Session Lifecycle
How AGH creates, activates, stops, and classifies one durable runtime session.
- Audience
- Operators running durable agent work
- Focus
- Sessions guidance shaped for scanability, day-two clarity, and operator context.
A session is the runtime object AGH manages. It ties together:
- one ACP-compatible agent subprocess
- one workspace boundary
- one per-session SQLite event store
- one permission policy
- one durable AGH session ID
That AGH session ID stays stable across stop and resume cycles, even when the underlying ACP session ID changes.
State machine
Rendering diagram...
| State | Meaning | Valid live transition |
|---|---|---|
starting | AGH has allocated the session ID, prepared the session directory, opened the event store, and is spawning or resuming the agent subprocess. | starting -> active |
active | The agent is ready to accept prompts and emit events. This is the only state that accepts live prompts and approvals. | active -> stopping |
stopping | AGH has accepted a stop request and is draining the session toward a terminal state. | stopping -> stopped |
stopped | Final metadata is written, the session recorder is closed, and the session can be listed, inspected, or resumed later. | none |
Creating a session
Create a new session from the CLI:
agh session new --agent general --cwd "$PWD" --name code-reviewCreate the same session over HTTP:
curl -X POST http://localhost:2123/api/sessions \
-H "Content-Type: application/json" \
-d '{
"agent_name": "general",
"name": "code-review",
"workspace_path": "/absolute/path/to/repo"

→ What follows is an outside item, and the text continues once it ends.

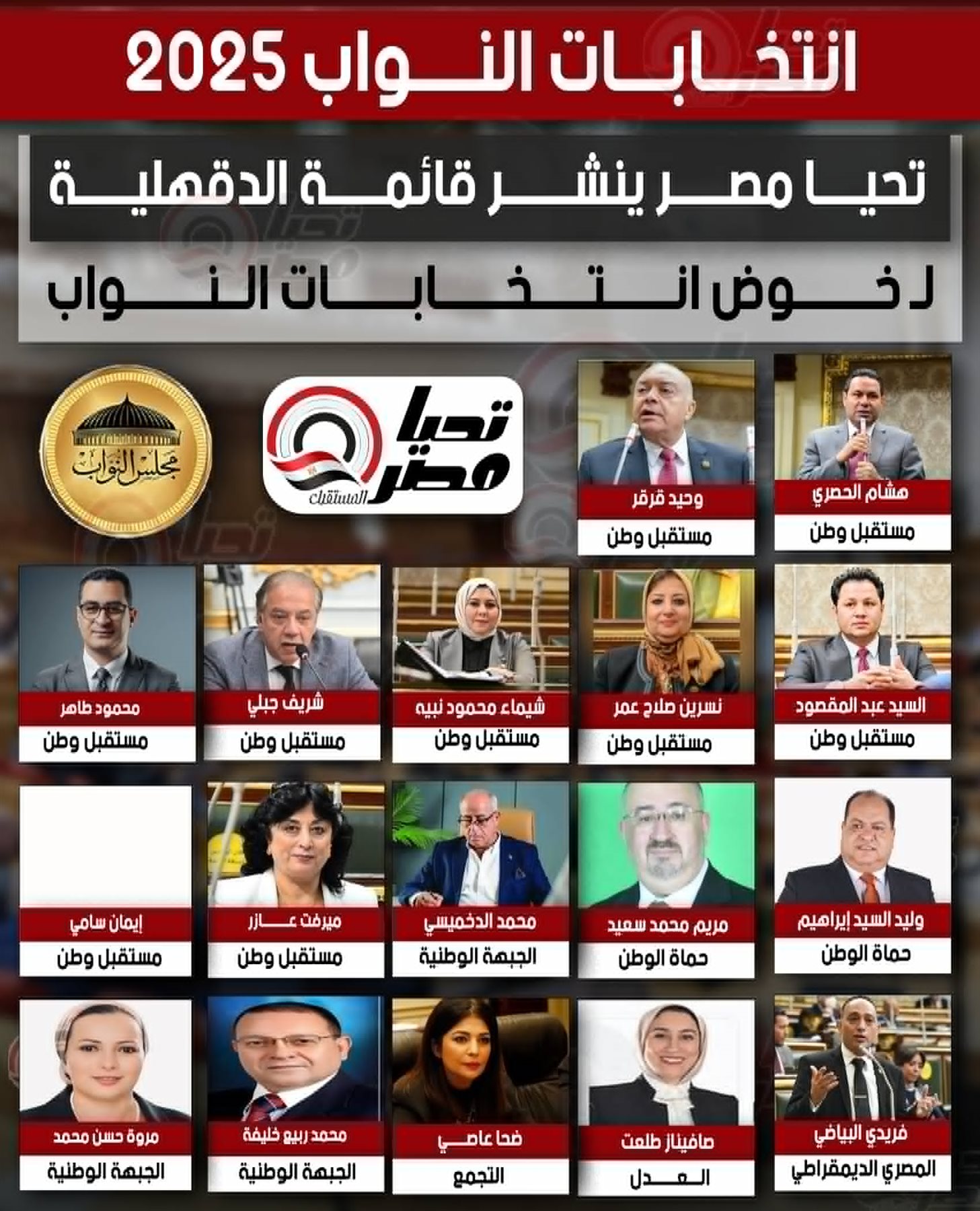 أسماء مرشحوا حزب مستقبل وطن ضمن القائمة الوطنية من اجل مصر في محافظة الداقهلية

}'The request must include exactly one of:
workspace: a registered workspace name or IDworkspace_path: an absolute filesystem path
Behind that request, AGH:
- Resolves the workspace and agent definition.
- Creates
~/.agh/sessions/<session-id>/. - Opens
events.dbfor the session. - Spawns the ACP subprocess and initializes the JSON-RPC connection.
- Creates or loads the ACP session.
- Transitions the AGH session from
startingtoactive.
Running an active session
Once a session is active, prompts are accepted through the CLI or HTTP transport:
agh session prompt sess-1234 "Explain how the stop path works."curl -N -X POST http://localhost:2123/api/sessions/sess-1234/prompt \
-H "Content-Type: application/json" \
-d '{"message":"Explain how the stop path works."}'Two operational details matter here:
- AGH records a
user_messageevent before it hands the prompt to ACP, so persisted history keeps the prompt even if prompt startup fails later. - One session processes one prompt turn at a time. Stop logic waits for in-flight prompt setup to finish before it asks the ACP driver to stop the subprocess.

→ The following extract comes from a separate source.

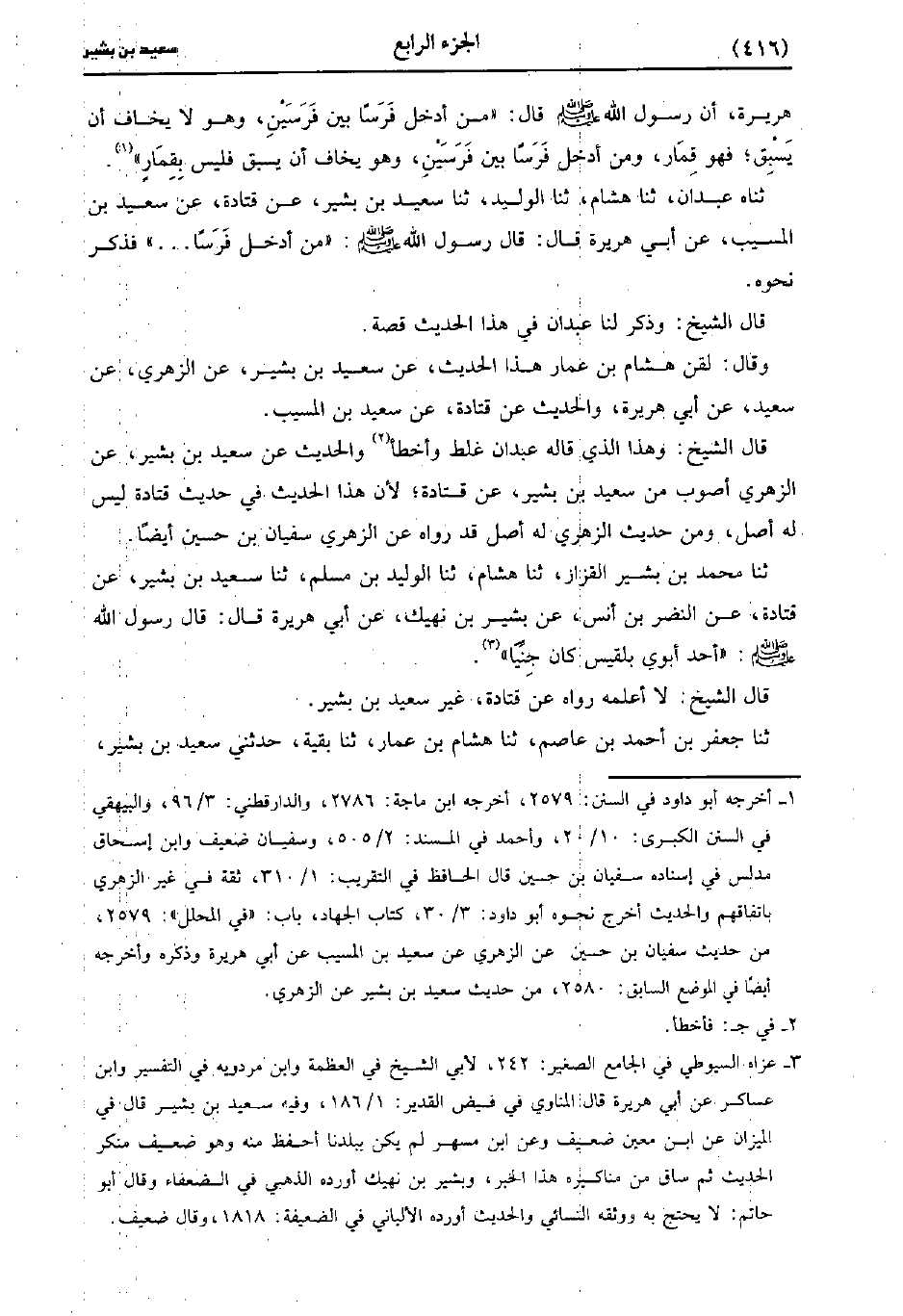 حَدَّثَنَاهُ عبدان، حَدَّثَنا هشام، حَدَّثَنا الوليد، حَدَّثَنا سَعِيد بْنِ بَشِيرٍ، عَن قَتادَة عَنْ سَعِيد بْنِ المُسَيَّب، عَن أَبِي هُرَيْرَةَ، قَال: قَال رَسُولُ اللَّهِ صَلَّى اللَّهُ عَلَيْهِ وَسَلَّمَ صَلَّى اللَّهُ عَلَيه وسَلَّم قَال: مَنْ أَدْخَلَ فَرَسًا فَذَكَرَ نَحْوَهُ.

- Long-running prompts stay healthy through runtime activity supervision. AGH updates
activity.last_activity_aton real ACP events and metadata-only waiting heartbeats, then emits lower-frequencyruntime_progressandruntime_warningevents for clients. - AGH also maintains a separate metadata-only session health
record (
state,health,attachable,eligible_for_wake). Activity supervision feeds health, but the two are distinct authorities — supervision owns timers and persisted progress events, health is consumed byHEARTBEAT.mdwake decisions and theagh session health|status|inspectsurfaces.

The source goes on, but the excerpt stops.